Fully renovated, El Calafate Historical Interpretation Center has added four new rooms to its historical and geological tour that spans 100 million years. It features skeletons of dinosaurs and mega mammals unique in the area.
Inaugurated on October 1, 2003, it is the result of a dream and the work and dedication of a History professor called Luis Calleja, who worked together with Martín Rivas and the assistance of anthropologist Alicia González.
The idea is to propose visitors a journey back in time with the aid of panels printed both in Spanish and English, posters with drawings and photographs, enlarged images, objects, tools and replicas, as well as by sound accounts that enhance the itinerary.
Thus, visitors to the museum may learn about the glacier processes and the ecological transformations of the Pleistocene. The mega-fauna and cave paintings faithfully reflect pre-historical Patagonia. The Tehuelche culture and the first encounters with the colonizers is another outstanding topic, along with the significance of sheep husbandry (a vital activity for the settlement of man) and the large estancias.
The tour also covers the labor conflicts and the Patagonian strikes with their tragic outcomes and leads viewers to the very origins of the City of El Calafate
El Calafate was founded on December 7, 1927 by a decree from the national government which appointed five hundred hectares to the south of the Santa Cruz River on Lake Argentino. Its name responds to the existence of a stout shrub known as calafate
close to the creek that crosses the town and which used to be the shelter for carts that transported the wool from the estancias
The first general store was built by Armando Guillón and in 1913 it was acquired by some immigrants from La Coruña: José Pantín’s family. This was one of the first settlements in the area.
Not only did this family own the general store but they also opened up lodge that became an inn on the mountain range road, where all travelers reaching these latitudes would stop for the night.
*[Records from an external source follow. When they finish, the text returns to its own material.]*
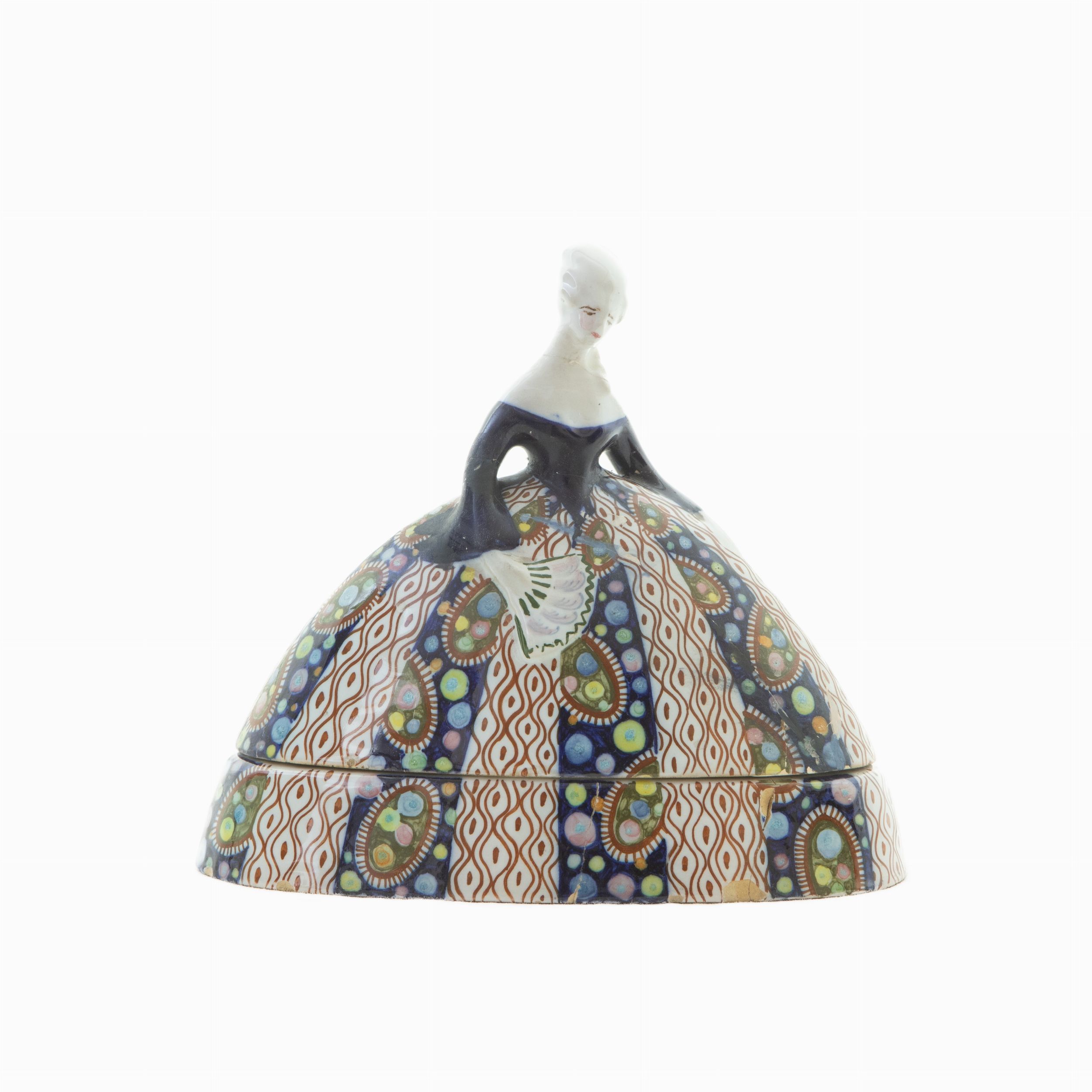 a forma di dama. Firma della manifattura in blu sotto smalto alla base Condizioni: restauri e piccole mancanze alla base.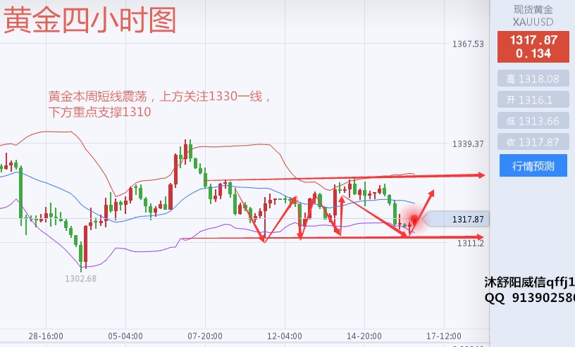 ~沐舒阳:黄金震荡看空 晚间继续关注1310支撑,多单解套 针对于美联储利率决议与加息,黄金波动必然是剧烈的,对于大行情,谈股一直是保持着警惕的态度。回顾之前很多次的加息,基本上,大体行情走势都是提前消耗加息预期,等待美联储利率决议之后,加息决策落地,黄金筑底反弹,一波走回V型反转甚至突破。 技术面: 黄金4小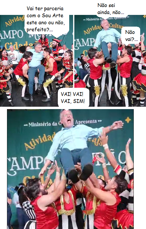 Os cliques são desta quinta-feira, quando a Associação Sou Arrte prestou contas do projeto Atividades Culturais Campo Mourão Cidade Natal 2023. O prefeito Tauillo Tezelli participou e, literalmente, foi “jogado para cima” pelo pessoal do Sou Arte.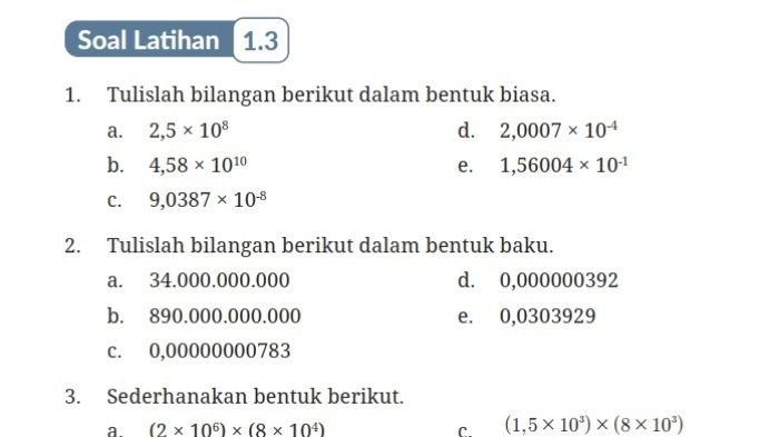 Matematika seringkali dianggap sebagai mata pelajaran yang menantang, namun dengan pendekatan yang tepat, bahkan konsep yang paling rumit pun bisa menjadi mudah dipahami. Bagi siswa kelas 8, Latihan 1.3 merupakan salah satu titik krusial dalam kurikulum yang menguji pemahaman mereka tentang berbagai topik penting. Artikel ini akan menjadi panduan komprehensif Anda, membahas secara mendalam setiap aspek dari Latihan 1.3, dilengkapi dengan contoh soal dan jawaban yang detail, serta strategi efektif untuk menaklukkan soal-soal ini.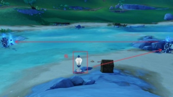 6、这样其他的水元素方碑都被解锁并点亮,瓶子带水也会点亮2号水元素方碑,位于山尖的灯会自动移动到瓶子最初的位置,我们过去就可以开启宝箱了。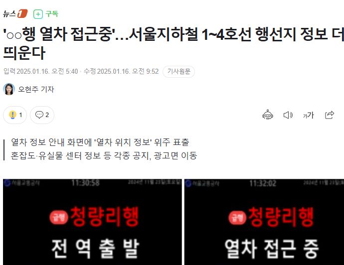'○○행 열차 접근중'…서울지하철 1~4호선 행선지 정보 더 띄운다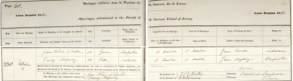 Proof was needed to verify that Elizabeth Touzel was indeed the first wife of the Jean Nicolle whose second wife was Esther Landhatherland. This in turn would show that this Jean Nicolle was the father of Frederick La Cloche Nicolle. A breakthrough discovery came involving the signature of Frederick La Cloche Nicolle who served as a witness at two separate weddings.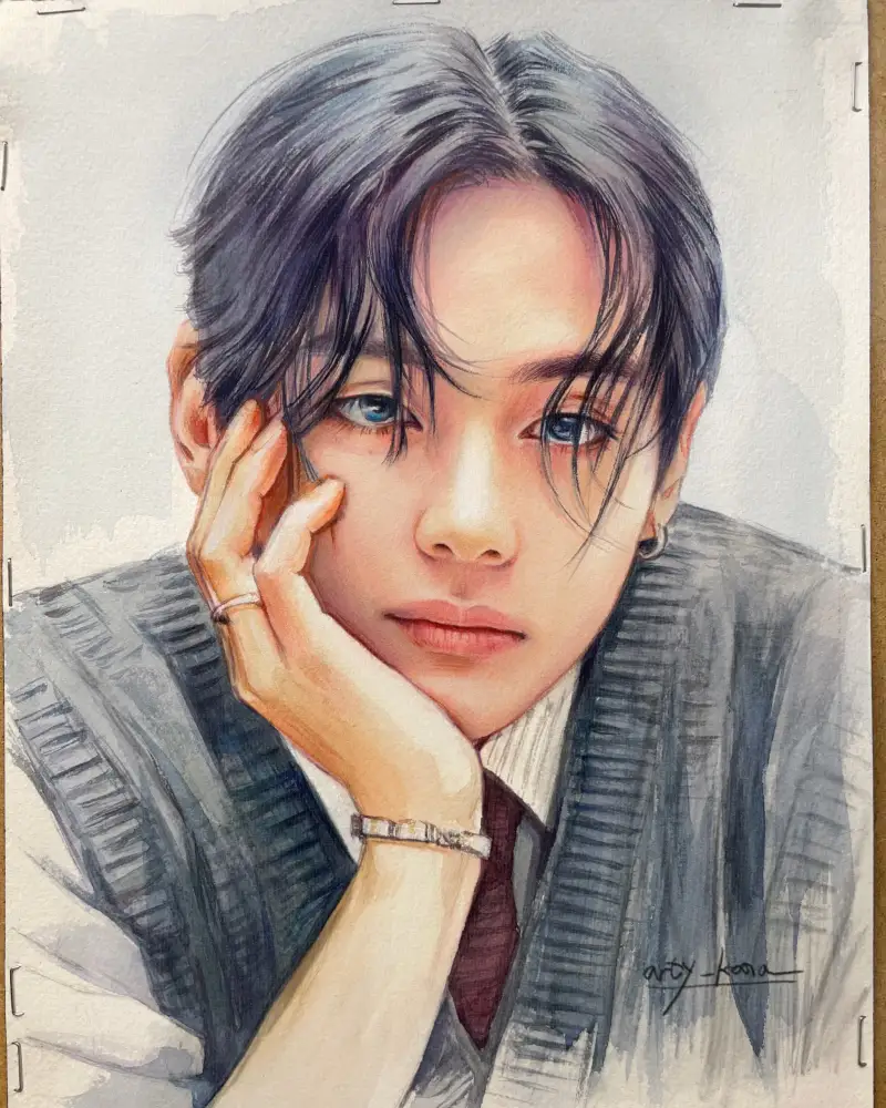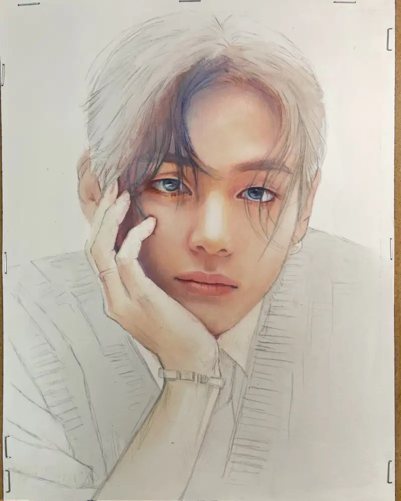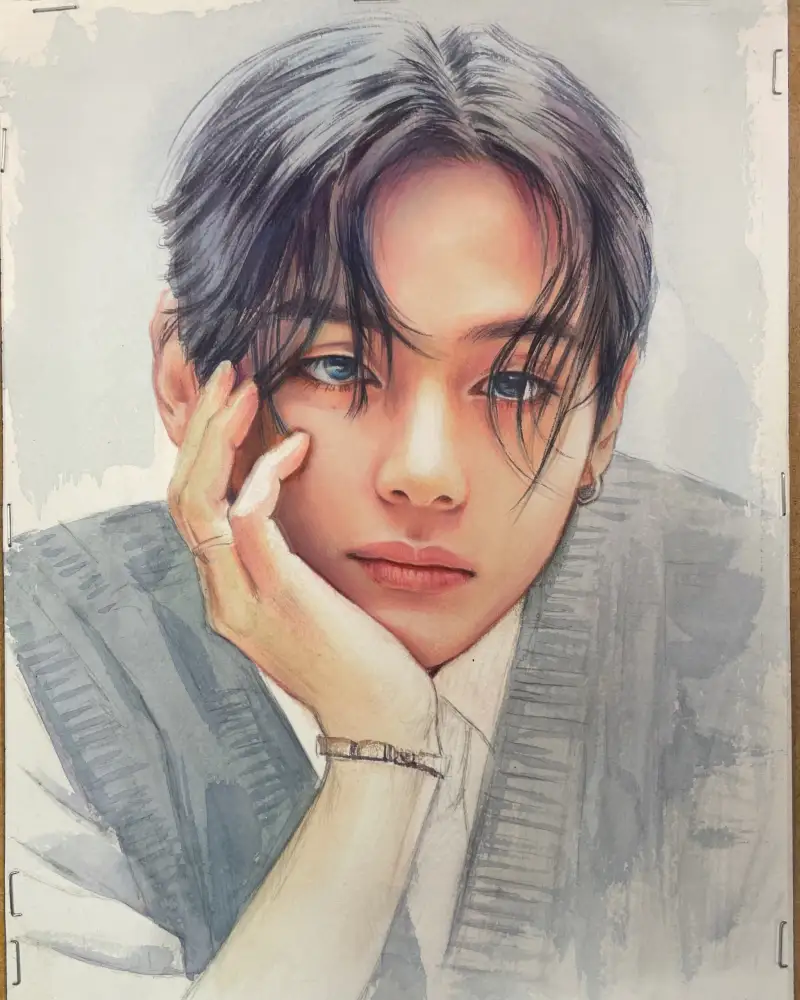 • 머리카락은 Indigo와 Manganese Blue를 활용해 차분하고 깊이 있는 톤을 만들고, 피부 옆에 닿는 부분은 Violet Grey를 살짝 섞어 자연스럽게 연결합니다.
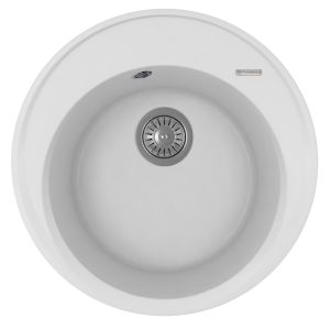 Круглая мойка с большой чашей для кухонного шкафа 45 смМатериал — кварцевый композитПредусмотрены дополнительные отверстия для установки аксессуаровГабариты нетто ( ДхШхВ) 510х510х217 мм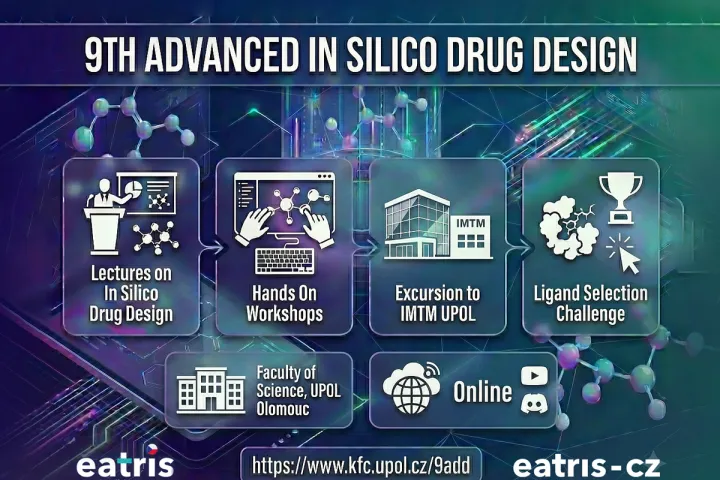 The 9ADD workshop (January 26–30, 2026) is an international hybrid event hosted by Palacký University Olomouc that focuses on modern in silico approaches to drug design, combining lectures and hands-on tutorials in structure-based and ligand-based drug discovery, including molecular docking, molecular dynamics, pharmacophores, QSAR, de novo design, and deep learning, delivered by leading experts from academia and industry.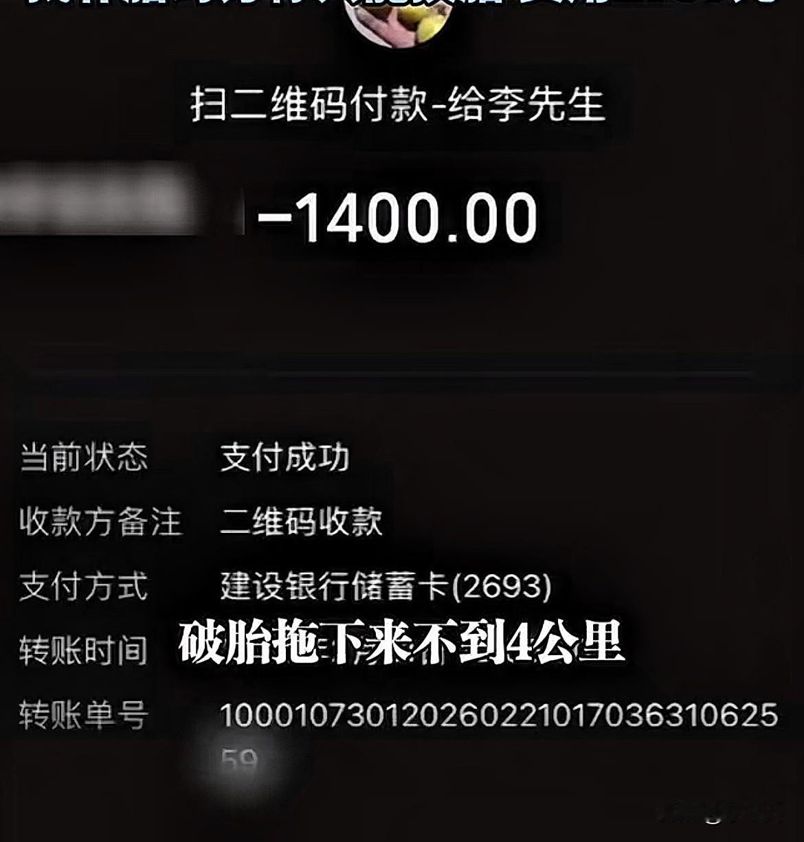 太坑了!男子开车自驾游到云南大理,谁知车胎在高速上扎破了,无奈只能叫拖车,拖车4公里花了1400元,这还不算完,好不容易找个补胎的,让换胎又花了1780元,男子扬言:“这下被宰了!” 4公里拖车费1400元,只负责拖下高速,男子出门在外,人生地不熟的,找个补胎的,说补不了,只能换胎,又花了1780元,这不是妥妥的冤大头吗? 男子的这个遭遇实在让人同情,本身过去旅游,也能促进当地旅游业发展,这么一整,名声臭了,谁还敢去呢?可不能因小失大啊。 同时这种宰客乱象就应该及时整顿治理,对于这种行为要及时曝光,让大家避坑,对于这种遭遇,大家如何看呢? (信息来源:中安在线)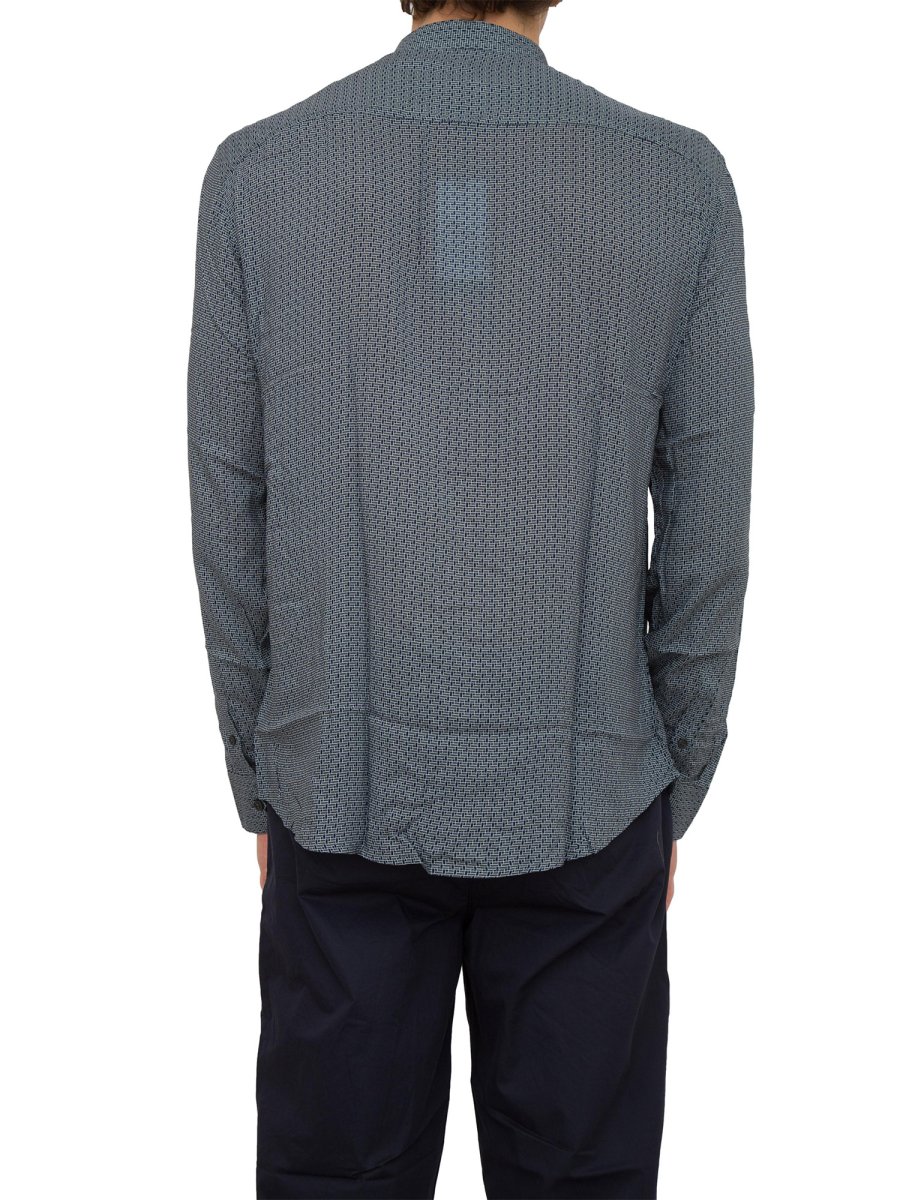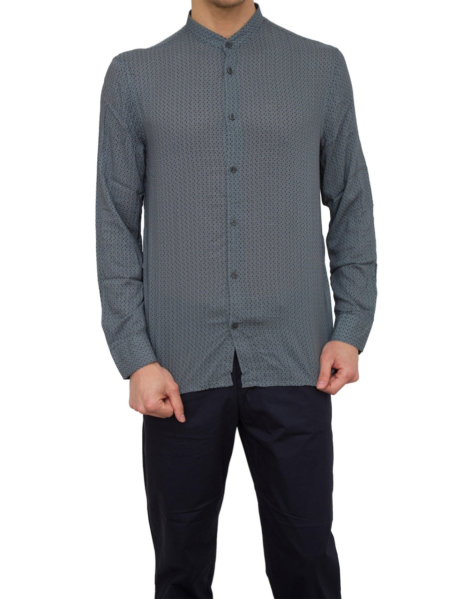Camicia manica lunga Armani Exchange realizzata in viscosa con collo alla coreana e logo brnad a contrasto sul petto.

While Argentina was developing as a country after its hundredth anniversary, the upheaval caused by the revolutionary strike that took place from 1921 to 1922, forced the national government to lay out an urbanization project of the mountain range areas, taking as a reference the post known as El Calafate.
In 1946, the measurement of the town was approved and the Tourist and National Parks General Administration was authorized to build Los Glaciares National Park
However, the scarce number of steady dwellers caused the transformation of El Calafate into a municipality to be delayed until 1973; the lands were not transferred to the common area until July 1978. Once the democratic administration took over in 1983, El Calafate had its first mayor.
Not only does the Interpretation Center give an account of local history but it also lets visitors experience it as if it was alive. They just need to enter the venue and feel it. The guides have a highly valuable charge of knowledge to share.
Duration: Approximately one hour
Opening hours: From 10am to 8pm.
How to get here: From Av. del Libertador and 9 de julio, walk 4 blocks along this street towards the Nimes lagoon. Cross the stream and take the path on the right till you get to Av. Brown and G. Bonmelli.
Bear in mind: There are transfer services at 10:30am and at 3:30pm. Ask for information in advance by phone: 492799The Center also has a small but interesting library, access for handicapped people and a snack bar. Try to make yourself some time for a cup of coffee or a chat with Professor Calleja.